I’m not sure I understand; let me see if I’ve got this straight. Do we agree that the set “P” (as defined in the OP) need not be unique for an ordered field?
And now, is the question whether there exists a bijection between orderings (F,<) of a base field F, and sets P satisfying the OP’s criteria?
Yeah, that’s what I was getting at. Sorry for the oblique phrasing; I’m pretty bad at giving hints.
I agree that P is unique in Q. I don’t know enough about the classification of (ordered) subfields of R to know whether there are other examples, but all of the fields Q [sqrt(a),sqrt(b),…] (with square-free natural numbers a,b,…) should have the same nonuniqueness issues.
Or any field that contains such a field. It’s hard to believe that any wouldn’t.
The interesting thing about P = { (p, q) | p - q*sqrt(2) } in Q[sqrt(2)] with the standard ordering is that, while it has the properties of the positive numbers, not all of its elements are positive (e.g., (1, -1)). It’d be nice if those properties did specify a subset of the positive numbers, but it’s clear that they don’t.
Since one of each pair {a,-a} has to be in P, this can’t ever happen.
Given an ordering <, it’s easy to see that P={a in F:0<a} works. Similarly, given P satisfying the above, define < by x<y iff y-x in P; it’s easy to check that this satisfies the ordering axioms. So I think P is unique per ordering.
Wait, didn’t we just establish that such a scheme won’t work? Is there an error in the following argument?

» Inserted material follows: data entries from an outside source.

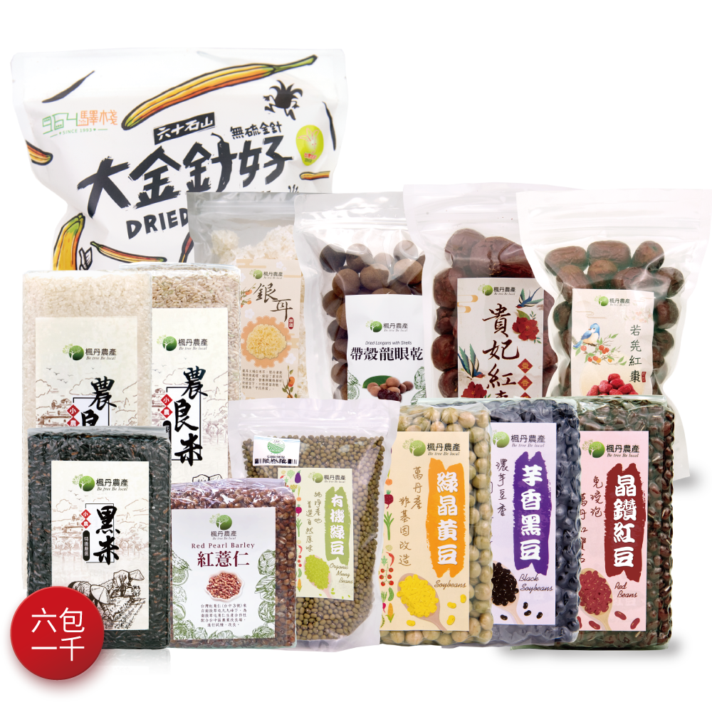 | 第六種口味 | 農良米(糙米), 農良米(白米), 黑米, 紅薏仁, 有機綠豆, 晶鑽紅豆, 芋香黑豆, 綠晶黃豆, 無硫金針, 帶殼龍眼乾 |
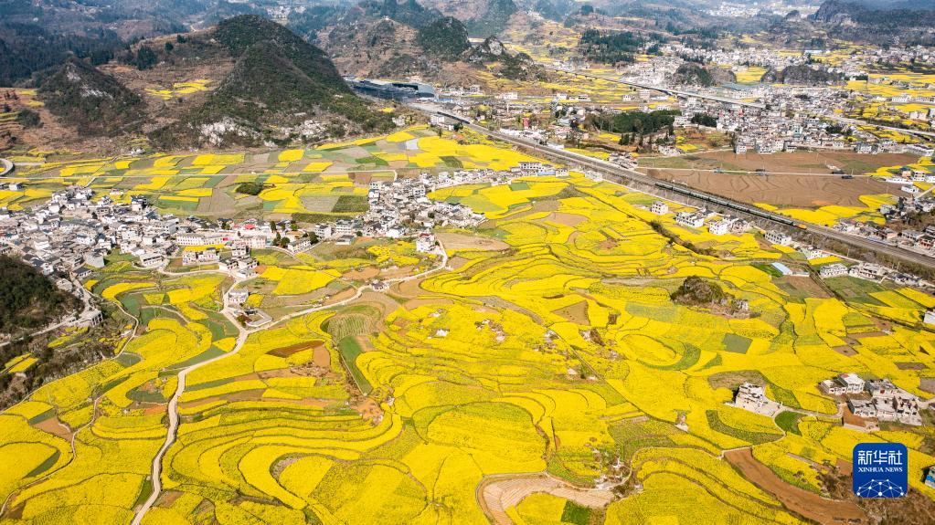 近日,貴州省六盤(pán)水市六枝特區木崗鎮的16000余畝油菜花競相綻放,與田地、民居、道路構成了美麗的春日畫(huà)卷。
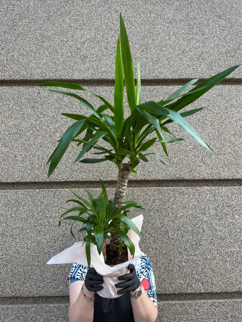 Юка (Yucca) — невибаглива та ефектна кімнатна рослина з прямим стовбуром і вузьким довгим листям, яке створює тропічну атмосферу. Ідеально підходить для інтер’єру в стилі мінімалізм, лофт або еко.
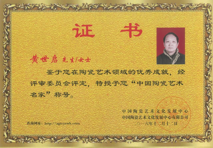 黃世啟:字“啟人”,1953年出生于景德鎮(zhèn)雕塑陶瓷世家,陶瓷綜合堆雕非物質(zhì)文化遺產(chǎn)傳承人,文化部國家級工藝美術(shù)大師,國家一級技師,江西省級技能大師,江西省高級工藝美術(shù)師,江西省高級陶瓷美術(shù)師,江西書畫院副院長,中國書畫藝術(shù)交流協(xié)會會員,昌南書畫院副秘書長,景德鎮(zhèn)博匯陶瓷文化藝術(shù)交流中心藝術(shù)總監(jiān),景德鎮(zhèn)天玉瓷廠廠長。 自幼愛好陶瓷藝術(shù),1987年至1993年在雕塑瓷廠美研室從事美術(shù)設(shè)計工作,系中函藝聯(lián)理事,昌南書畫院副秘書長,昌南書畫院畫師,為弘揚陶瓷文化,現(xiàn)創(chuàng)辦天玉瓷廠任廠長。景德鎮(zhèn)御窯世家傳人,自幼受家庭熏陶,在高溫顏色釉陶瓷方面,繼承和弘揚了前輩們的陶瓷藝術(shù)精髓,特別是在顏色釉燒制過程中的窯變研制有較突出的創(chuàng)新和造詣!

Take F = Q[sqrt(2)] with (p, q) > (p’, q’) iff p + qsqrt(2) > p’ + q’sqrt(2) in R. Consider P = { (p, q) | p + qsqrt(2) > 0 } and P’ = { (p, q) | p - qsqrt(2) > 0 }.
For any non-zero (p, q) in F, either p + qsqrt(2) > 0 or -p - qsqrt(2) > 0, so P satisfies the first condition. If a + bsqrt(2) > 0 and c + dsqrt(2) > 0, then a + c + (b + d)*sqrt(2) > 0 and ac + 2bd + (ad + bc)*sqrt(2) > 0, so P satisfies the second condition.
A similar argument holds for P’. If p - qsqrt(2) < 0, -p + qsqrt(2) > 0. If a - bsqrt(2) > 0 and c - dsqrt(2) > 0, then a + c - (b + d)*sqrt(2) > 0 and ac + 2bd - (ad + bc)*sqrt(2) > 0, so we have both conditions for P’.
I think that, given a set P like we’re talking about, x < y iff y - x is in P induces an alternative (partial) ordering on F. For the right choice of P, you get your original ordering back, but I don’t think you can take that to mean that P is unique for a given ordering.
Sorry, bad wording on my part. What I was trying to say is that there is a bijection between total orderings on F and sets P satisfying your criteria: given an ordering < you can find a P, and given a P you can find an ordering.
I agree that a given ordered field can have multiple such sets (as my earlier example Q[sqrt(2)] showed).
I thought about this a little more and generalized my quadratic example:
Suppose x[sub]i[/sub] are the real roots of a polynomial p (in Q), of degree n, which is irreducible over Q. Then Q[x[sub]i[/sub]] is an algebraic extension of Q, a vector space of dimension n over Q. The Q[x[sub]i[/sub]] are isomorphic as fields, since they are all Q/p(x) (the ring of polynomials with rational coefficients, modulo the congruence p(x)==0).
We can impose a total order < on Q/p(x), by the order induced from R. Specifying an order is equivalent (as I said above) to defining the set of positive values (the elements y which satisfy y > 0). Specifying an order is also equivalent to defining a real root x[sub]i[/sub] of p(x): Writing
a = (a[sub]0[/sub],a[sub]1[/sub],…,a[sub]n-1[/sub]) = a[sub]0[/sub] + a[sub]1[/sub]x + … + a[sub]n-1[/sub]x[sup]n-1[/sup]
for an element a of Q/p(x) (a[sub]i[/sub] in Q), the total order can be used to find the subset of Q={(q,0,…,0)} containing all values less than (0,1,0,…,0)=x; but this is just a Dedekind cut and so defines the real number x.
So for an algebraic extension, the number of possible orderings (and hence the number of sets P satisfying the OP’s criteria) should equal the number of real roots of p. For a quadratic field, this is either 0 (e.g., Q[sqrt(-2)]) or 2, but fields with any desired number of orderings should thus exist.
Does this seem right to you? … I still need to think about transcendental extensions.